I suppose I hope you are no longer quagmired. Knowing it is very difficult to extricate oneself I would be pleasantly suprised to know you were safe and able to feel fairly well for a good space of time… You know, it simple but hardly adequate terms, “no longer depressed”. that doesn’t quite cover it. once you hit the sand it’s impossible to get it out of your socks, I know that for more sure than many things.
I wonder if you’ve ever had trouble moving. With motor functions. Not because of physical inhibitions but because you don’t want to move them, fingers no more than heavy steam. Wondering. Ho hum. I smell pancakes.
I suggest– RUN.
You can run with me if you like.
I’m not good company.
Just run, run run, until you can’t see what you are running from. or maybe you shoud punch it in the face?

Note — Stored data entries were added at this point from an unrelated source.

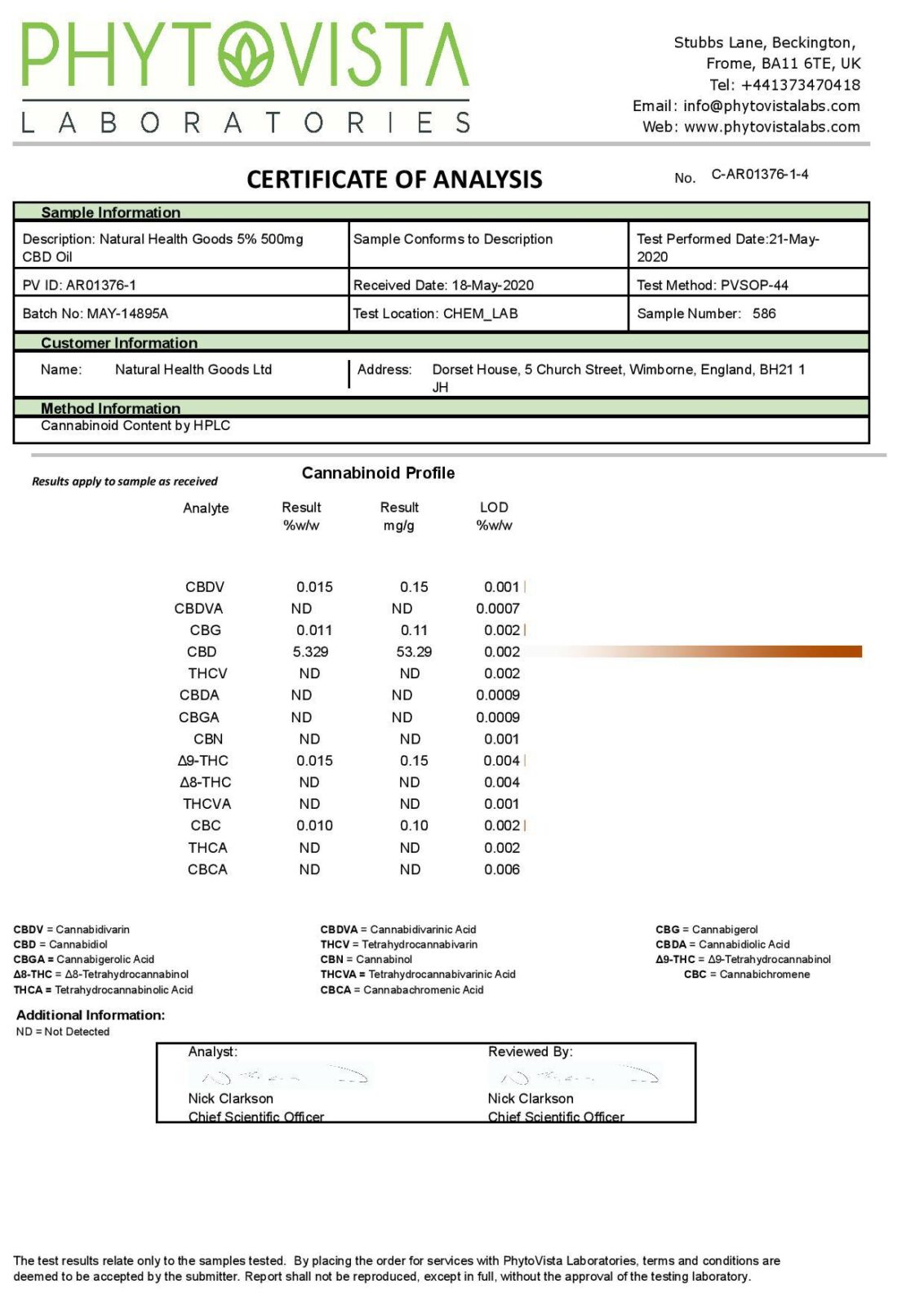 – The 500mg CBD Oil (5%) is made from the whole-plant extract and is rich natural terpenes and phytocan nabinoids. The full-spectrum CBD extract is mixed with organic hemp seed oil and provides a true entourage effect.
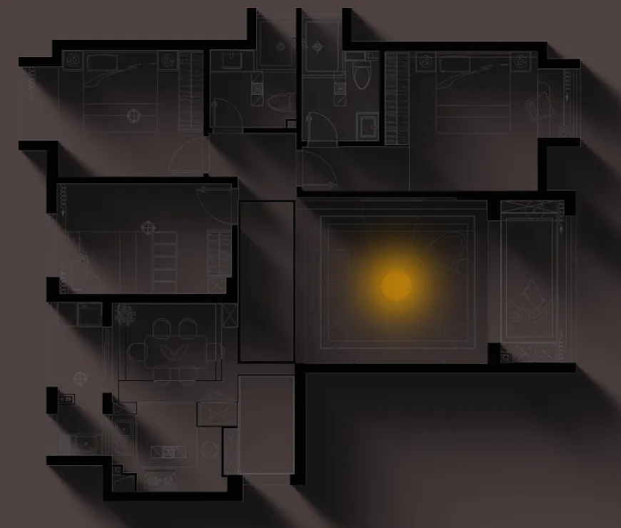 Chúng ta có thể sử dụng các loại đèn khác nhau để tính toán lớp phủ. Ví dụ: chúng ta có thể bố trí đèn sân khấu và dải ánh sáng trong không gian.
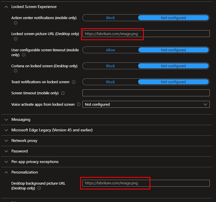 If you already have the URL for your initial image, you can add it to the lock screen and background fields. If not, leave it blank for now and continue with the policy creation.

Too many metaphors, no one could understand this. ha ha. flat air.
Life is a fool’s game, or it can be if you don’t look it straight in the eye. That’s a bad way to play but… it’s the way I’m playing. for now.
Until I can look I’m not looking. Sensible? YUH. okay. NUH.
–>Never mind. I think I’m giving you just bad advice. I never want to think too hard lest I learn something I don’t want to. NOT a smart way to go. Best wishes.
I’m nobody. Who are you?
Are you– nobody– too?
so there’s two of us! Don’t tell
they’ll banish us, you know.
(poorly quoted Emily Dickinson)
PS I just realized how creepy this would sound if you can’t guess who I am. HEEEEE!!!